He Gives Me My Nahuatl Name
by Susan Elbe
for Francisco Alarcón
August 7, 1994
I, myself am not bird,
my bones, not hollow
easy flutes for song.
I, myself am not snake,
my skin not silver
husk that sloughs me new.
But I, myself am the green
voice jabbering
down the fields. My palms
push sky, reek of sun
and I cadence
the night with whispering.
I, myself take to ice, brittle
with rime, shimmy
in dry wind — chicome, chicome.
Note: Chicome is the Nahuatl numeral 7. In Aztec mythology, Chicomecoatl (“Seven Snakes”) was the Aztec goddess of maize.
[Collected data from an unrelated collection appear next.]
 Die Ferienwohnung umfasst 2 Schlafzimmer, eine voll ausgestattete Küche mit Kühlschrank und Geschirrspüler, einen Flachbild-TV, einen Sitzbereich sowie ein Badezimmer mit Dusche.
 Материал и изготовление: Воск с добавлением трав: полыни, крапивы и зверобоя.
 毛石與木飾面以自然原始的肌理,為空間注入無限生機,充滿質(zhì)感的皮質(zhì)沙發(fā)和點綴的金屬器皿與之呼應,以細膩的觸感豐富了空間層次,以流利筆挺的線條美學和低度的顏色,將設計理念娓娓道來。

She is sometimes called Goddess of Nourishment, a deity of plenty and the female aspect of corn. Her symbol is an ear of corn. Source: Francisco X. Alarcón. Other sources say that Centeotl, the Corn God, is the provider of the Spirit Soul (Teyollia) for days with the numeral 7 (chicome). There is a lot of crossover between Nahuatl and Aztec mythology.
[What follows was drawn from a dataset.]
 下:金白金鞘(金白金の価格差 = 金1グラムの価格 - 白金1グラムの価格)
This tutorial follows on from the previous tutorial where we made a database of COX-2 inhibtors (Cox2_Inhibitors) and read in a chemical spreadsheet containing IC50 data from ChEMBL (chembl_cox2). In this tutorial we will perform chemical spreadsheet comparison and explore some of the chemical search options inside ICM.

Susan Elbe (website) is the author of Eden in the Rearview Mirror and a chapbook, Light Made from Nothing. Her poems appear or are forthcoming in many journals, including Blackbird, diode, MARGIE, North American Review, and Salt Hill. Her work has also been widely anthologized, including in A Fierce Brightness: Twenty-Five Years of Women’s Poetry (Calyx Books).
With Kelly Madigan Erlandson, Susan is the editor of qarrtsiluni’s Health issue, currently accepting submissions through November 30.
Wow. Back for my third read. The turn of the last stanza keeps pulling me up short.
The sheer sound brought me back for the second read. The music is gorgeous.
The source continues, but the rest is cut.